Выстроились мы очередью к лестнице, вылезаем один за другим, а здесь нас новое унижение поджидает: лаз из пещеры узкий, надо опуститься, как в церкви, на колени, голову нагнуть, словно подставляя ее под лезвие сабли и загребать подбородком снег, а снег этот – густая каша красная, пропитанная кровью Ягоша Контича!.. Я на руки оперся, поднимаюсь, пальцы в крови, а двое жандармов с обеих сторон подхватывают меня под локотки, словно шаферы, и скручивают запястья веревкой. Проводят сквозь строй, передавая с рук на руки, а за шпалерой четников лежат наши мертвые, хмурятся, недовольные тем, что мы за ними не последовали: Воислав, Илия, Милена, Ягош. Стыд меня мучает, особенно перед Миленой: ей вот выпала удача погибнуть с оружием в руках, а я разрешил себе руки связывать!.. И утешаюсь я мыслью, что разделяющий нас промежуток времени быстро сократят винтовочные залпы и мы сравняемся участью. Радосава Лешковича, раненого, или прикончили или спрятали где-то, только не видно его, а брат его Муё лежит на снегу: жив, дышит, а по лицу разлилась мертвенная серость. Тут только, воочию увидев павших, понял я с потрясающей ясностью, как много я потерял и как мало мне осталось, так что не стоит особенно и заботиться о всяких пустяках. С быстротой пули пронеслась в моем сознании такая мысль, и я уже услышал свой голос:
– Это так-то вы, офицеры, начальники, гады поганые, садистское ваше племя, раненых держите, чтобы они окоченели?.. Это тому вас учили в ваших дерьмовых училищах для мясников?..
Я подумал – сейчас прошьют меня очередью, и конец!.. Они и правда ощетинились, загалдели, появился офицер, но словно пришибленный какой-то, точно и вправду наперед согласный принять на себя долю вины.
– А что же мне с ним делать? – обращается он ко мне.
– Вели сушняк зажечь, пусть отогревается человек!

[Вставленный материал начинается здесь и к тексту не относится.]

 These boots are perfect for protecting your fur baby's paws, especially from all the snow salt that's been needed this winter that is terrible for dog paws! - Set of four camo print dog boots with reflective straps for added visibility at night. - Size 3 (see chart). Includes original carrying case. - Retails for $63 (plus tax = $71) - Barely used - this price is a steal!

И в самом деле, это он не издевки ради, а своим приказ отдает. Сгребли сухой листвы, подложили под Муё, чтобы не лежал на снегу. Развели костер, вспыхнул огонь. Теплота распространилась, даже до нас доходит, только Муё это не помогает. Слишком много крови он потерял, на наших глазах и скончался.

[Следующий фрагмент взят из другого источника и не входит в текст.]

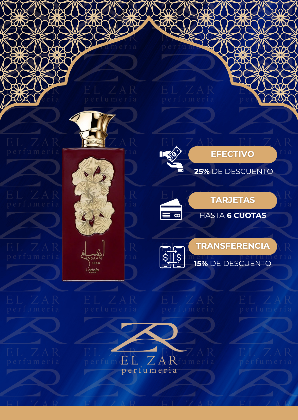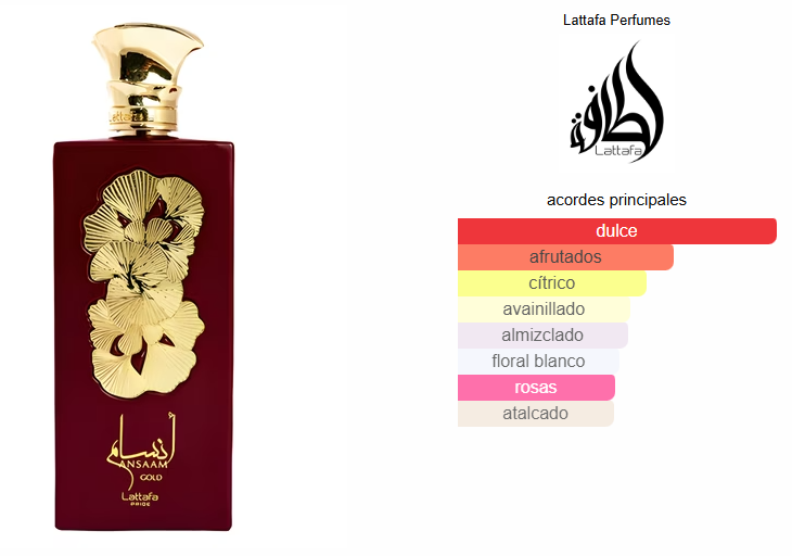 Ansaam Gold de Lattafa Perfumes es una fragancia de la familia olfativa Oriental Floral para Mujeres. Ansaam Gold se lanzó en 2022. Las Notas de Salida son mandarina y pera; las Notas de Corazón son notas dulces, jazmín y rosa; las Notas de Fondo son vainilla, almizcle y frambuesa.

Больше нечего было ждать, да и день, утомленный событиями, клонило к исходу. Повели нас, без ругани, без издевательства, все молчат, сникли, повесили носы, точно потери подсчитывают. Я до сих пор не разберусь, что это было – то ли кровью они насытились и насмотрелись смертей, то ли опасались последствий, как-никак они были четниками из Брджан, а орудовали и кровь проливали на пешивачской территории. Добрались мы к Папратам в сумерки уже. Навстречу папрачане выходят, ракию в бутылях выносят, поздравляют, значит, победителей, здравицы произносят, ликуют, песни поют. Нас в упор не видят, своих и то не признают… Спустилась ночь, когда мы прибыли в Богетичи. Итальянская стража спрашивает, кто идет, наши конвоиры отвечают:
– Пленных в острог ведем, уважаемые!..
Итальянцев уже известили о победе, и они успели приготовить грузовик для нас и для конвойных. Раскрутили они нам веревки с рук, защелкнули наручники, доставили в Острог, где был штаб Бая Станишича. Заперли нас в Нижнем монастыре. Из штаба наведываются к нам офицеры полюбопытствовать и насладиться видом нашего бедственного положения. При этом они не могут нас не задирать:
– Хороши вояки, в ямы безвинных людей бросаете!
– Мы предателей в ямы бросаем, а вот вы оккупантам прислуживаете.
– Вы народ под удар поставили, к уничтожению привели.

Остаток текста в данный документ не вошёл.